RIGA, February 5 (RIA Novosti) - A former Soviet partisan convicted of war crimes in Latvia but later cleared by the European Court of Human Rights will fight Latvia in court until "the end of his life," his lawyer said on Thursday.

"Unfortunately, the veteran's health is not the best, but he is ready to fight against Latvia to the end, even if that means to the end of his life," lawyer Mikhail Ioffe said at a news conference.

Vasily Kononov, 86, led a group of resistance fighters against Nazi Germany in the Baltic state during World War II. He was convicted by a Latvian court of ordering the killing of nine villagers in 1944, with some reports saying the dead included a pregnant woman.

He admitted to the killings, but said the dead were Nazi collaborators who were caught in crossfire. Latvia was under German occupation at the time of the incident.

The European Court of Human Rights last week accepted Latvia's appeal against a June ruling that Riga must pay the World War II veteran 30,000 euros ($47,000) in damages, now to be reviewed in the Strasburg court's Grand Chamber, the tvnet.lv website said.

The Latvian government filed the appeal after a June 19, 2008, ruling ordered Latvia to pay Kononov compensation for being held in custody on charges of war crimes.

Ioffe could not say when the hearing before the Grand Chamber would take place, but expressed the hope it would occur while Kononov was still alive.

Kononov had originally demanded 5 million euros ($7.8 million) in compensation and called the 30,000-euro award "a mockery." In 2007, the European court dismissed all charges against Kononov and declared him not guilty.

A retired police colonel born in Latvia, Kononov was arrested in 1998 and sentenced to six years in prison in 2000 on genocide charges. In 2004, after several years of litigation, his sentence was cut to 20 months and the charges changed to "war crimes." Kononov filed an appeal with the Strasbourg court the same year.

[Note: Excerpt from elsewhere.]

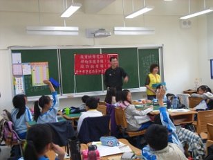 臺中市警察局第四分局帶領志工走入校園宣導婦幼安全暨反詐騙宣導,日前特別利用該校晨光時間,由第四分局教官鍾順安帶領黎明派出所警察志工,到教室內宣導婦幼、交通安全暨反詐騙活動,讓小朋友均感興奮不已。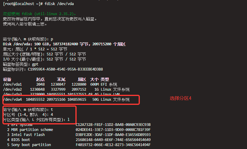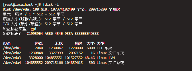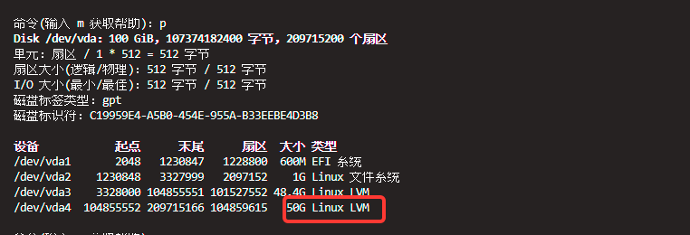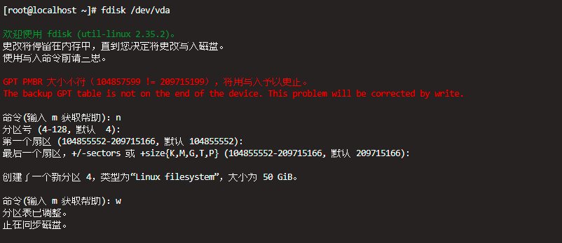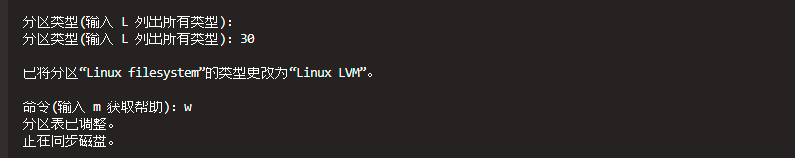 #以上步骤创建完新磁盘分区,下面进行根目录扩容

The court rejected Kononov's other demands, which included moral damages and compensation for the apartment and plot of land he had been forced to sell in order to pay for court expenses and medical treatment.

Russia subsequently applied pressure on Latvian and European authorities over the case and in April 2004 Kononov was granted Russian citizenship by then-President Vladimir Putin.